Notes to Financial Statements
February 28, 1998 and February 28, 1997
NOTE A - SUMMARY OF SIGNIFICANT ACCOUNTING POLICIES
- ---------------------------------------------------
1. Nature of Business
------------------
CreditRisk Monitor (CRM) a division of Market Guide Inc., formed in
September 1996, is an online information and news service that follows more
than 575 U.S. publicly held domestic retail chains and wholesalers. This
online service is accessible through the Internet
(www.creditriskmonitor.com) and has been designed to provide corporate
credit managers with the analytical tools necessary to analyze and follow,
on a daily basis, all the public companies they do business with.
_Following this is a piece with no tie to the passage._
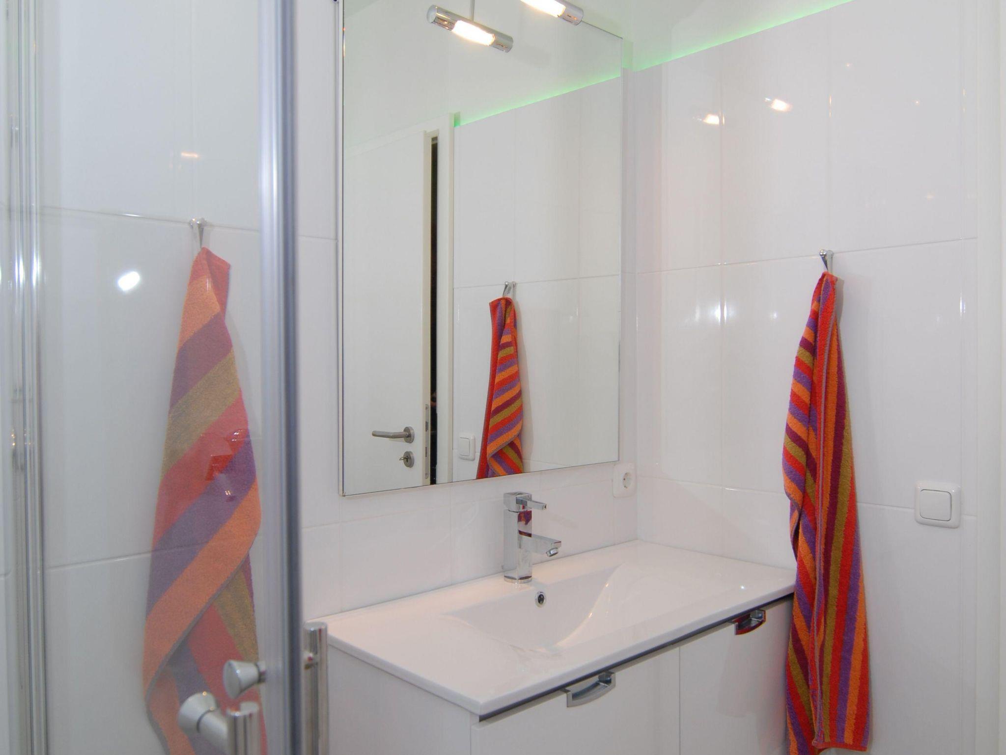 Bad: Dusche, Waschtisch, WC, Duschkabine, Spiegel, Unterschrank

CRM was formed specifically to leverage Market Guide's comprehensive
database and state-of-the-art technology through sales to a new market. CRM
provides the credit community with a cost efficient, online credit and
financial information service.
The CRM information service consists of: CRM Company Reports, the CRM Alert
Notification Service and the CRM Real-Time News Service. The CRM web site
became operational in April 1997.
All of the Company's revenue is derived from annual subscription sales of
its CreditRisk Monitor service.
2. Revenue Recognition
--------------------
CreditRisk Monitor subscriptions are deferred at the time of sale and
recognized ratably as revenues over the terms of their subscriptions. Costs
associated with procurement of these revenues are expensed as incurred.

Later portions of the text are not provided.